Benito Santiago Jr.

No. 22 – Indios de Mayagüez
- Position: Small forward
- League: Baloncesto Superior Nacional

Personal information
- Born: June 22, 1989 (age 36) Coamo, Puerto Rico
- Nationality: Puerto Rican
- Listed height: 6 ft 6 in (1.98 m)
- Listed weight: 210 lb (95 kg)

Career information
- College: Miami Dade College (2009–2010); Lon Morris College (2010–2011); University of the Cumberlands (2011–2013);
- NBA draft: 2013: undrafted
- Playing career: 2013–present

Career history
- 2012–2013: Indios de Mayagüez
- 2013–2014: Santeros de Aguada
- 2014–2017: Atléticos de San Germán
- 2017–2023: Vaqueros de Bayamón
- 2024: Mets de Guaynabo
- 2024–2025: Cangrejeros de Santurce
- 2026–present: Indios de Mayagüez

= Benito Santiago Jr. =

Puerto Rican basketball player

Benito Santiago Jr. (born June 22, 1989) is a Puerto Rican professional basketball player for Indios de Mayagüez of the Baloncesto Superior Nacional (BSN).
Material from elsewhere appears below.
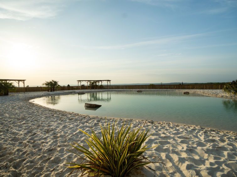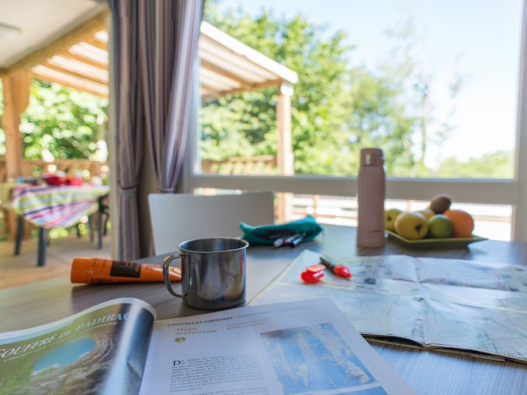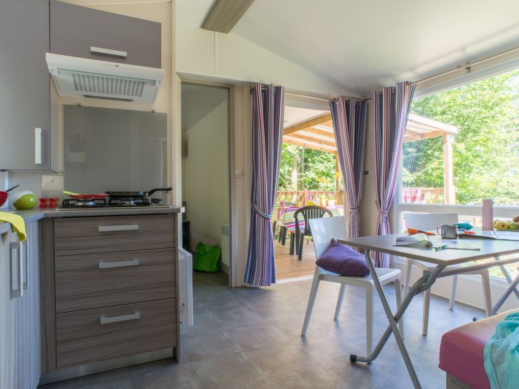 "Prestige 2 chambres 4 personnes", 3-room bungalow 32 m2. Practical furnishings: living/dining room with TV (flat screen), air conditioning. Exit to the terrace. 1 room with 1 french bed (1 x 140 cm, length 190 cm). 1 room with 2 beds (70 cm, length 190 cm). Kitchenette (4 gas rings, toaster, microwave, freezer, electric coffee machine).
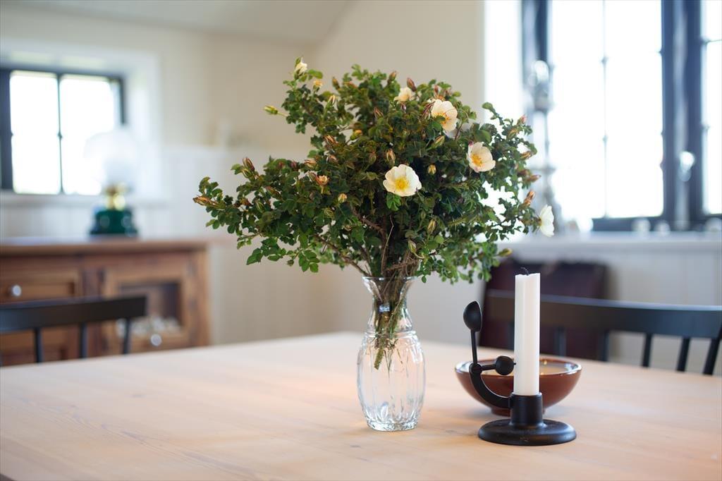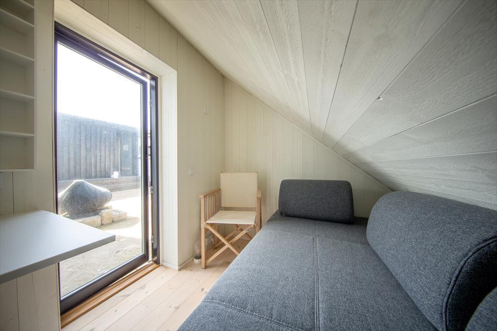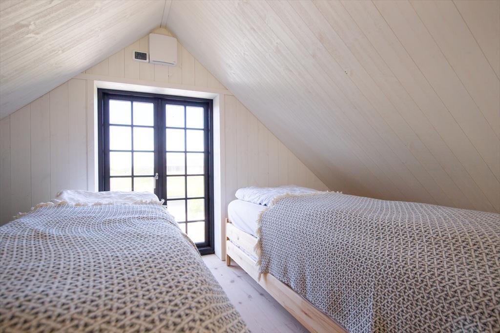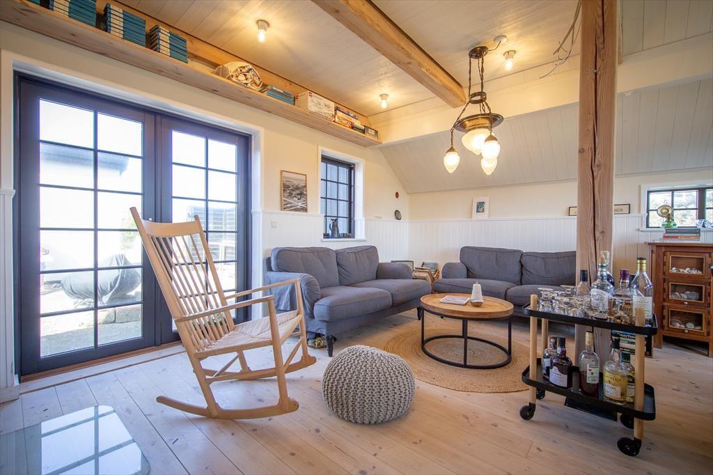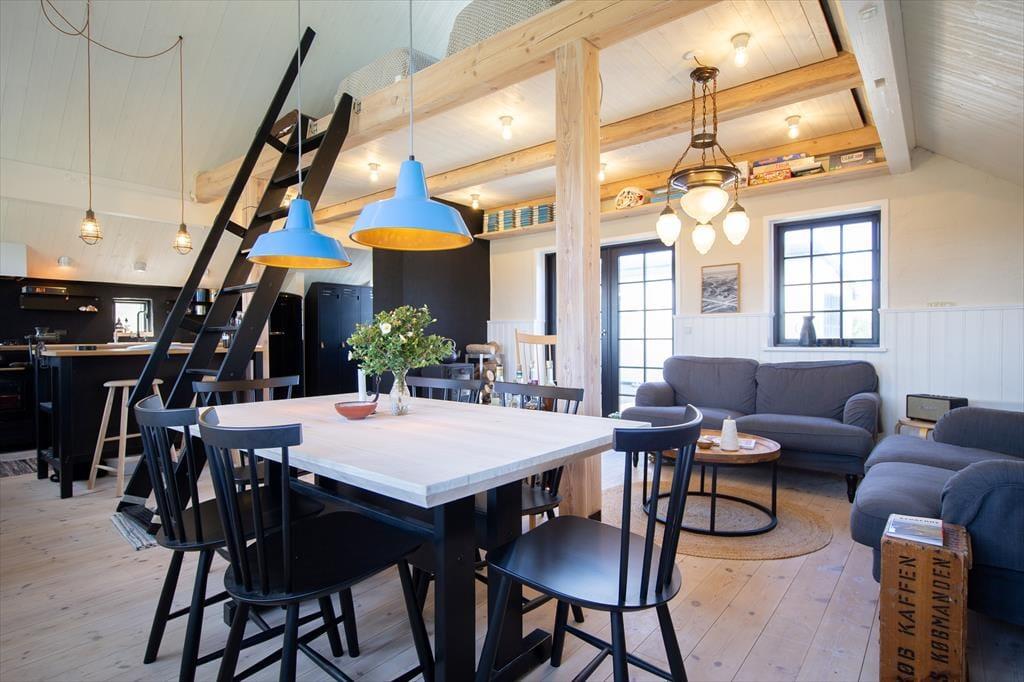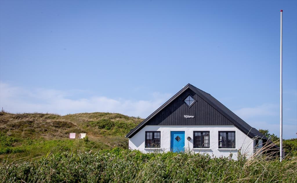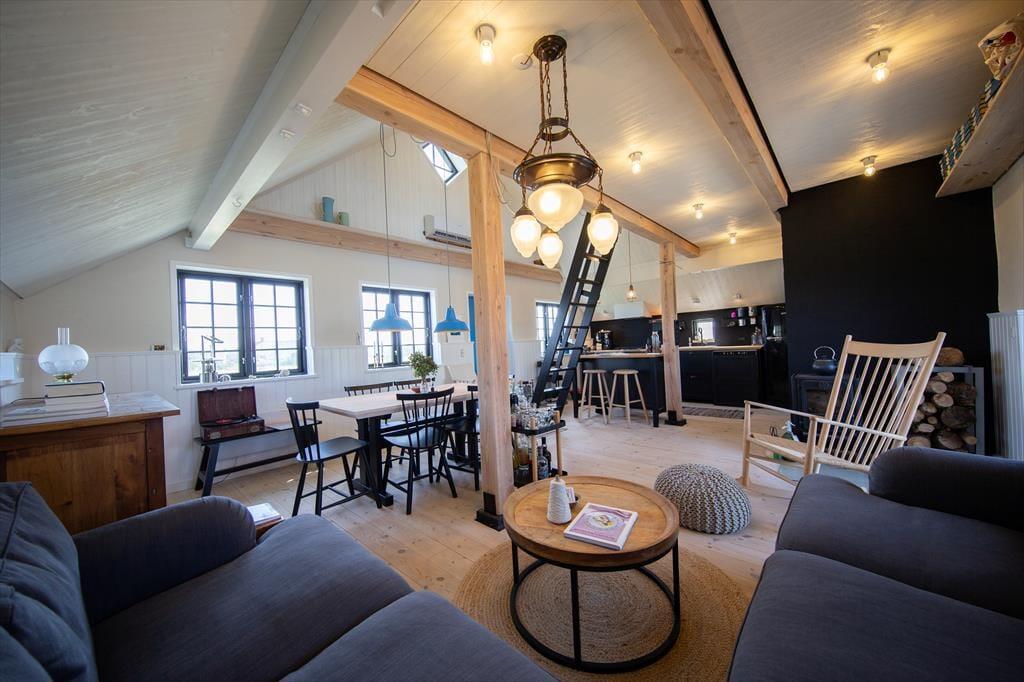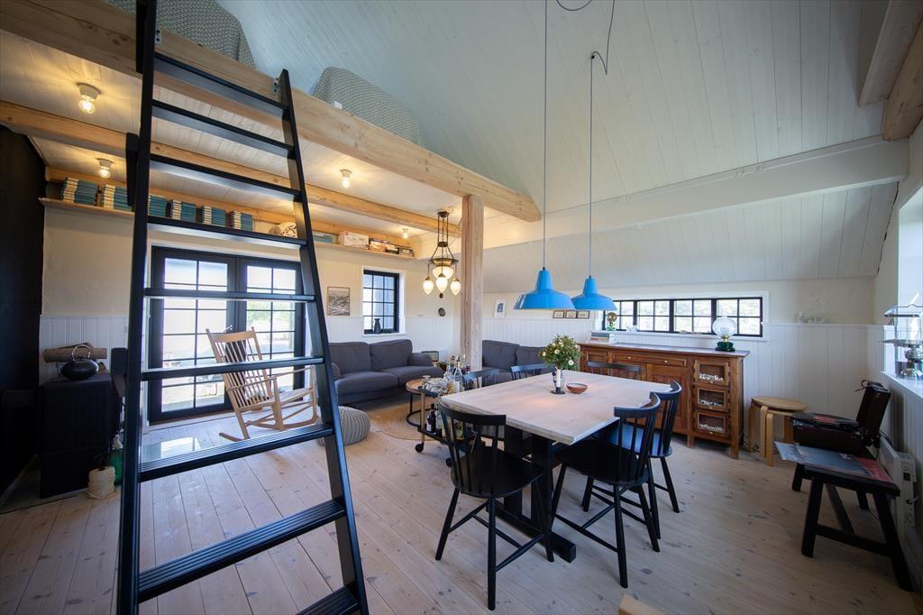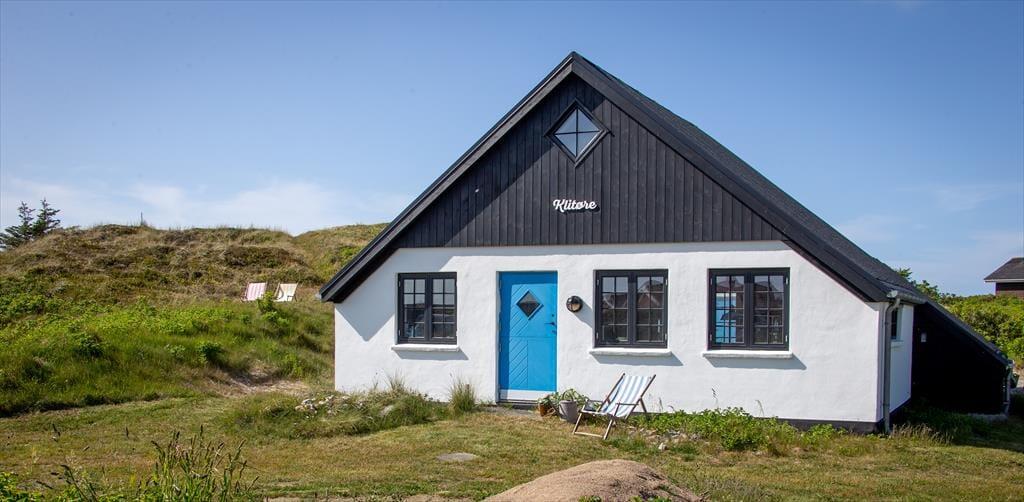 Når du træder ind i sommerhuset Klitøre, bliver du mødt af en unik atmosfære, hvor historie og hjemlig hygge går hånd i hånd. Hver detalje i indretningen vidner om kærlighed til stedet – her er det let at mærke, at mange har holdt ferie med smil og samvær gennem generationer. Den åbne stue og det velindrettede køkken indbyder til fælles madlavning og lange måltider omkring spisebordet. Hvis du vil trække dig lidt tilbage, kan du klatre op ad den stejle trappe til hemsen – en særlig krog, der inviterer til både ro, leg og udsigt over huset. Derudover rummer det tilhørende udehus både ekstra sovepladser og et badeværelse, hvilket giver god fleksibilitet, hvis I er flere, der holder ferie sammen.

He played college basketball for Cumberlands. He is a former baseball player just like his father, Benito Santiago.

== Personal life ==
Santiago is the son of former Major League Baseball player Benito Santiago.

==Baseball career==
Santiago was selected in the 31st round of the 2010 Major League Baseball draft by the Chicago Cubs.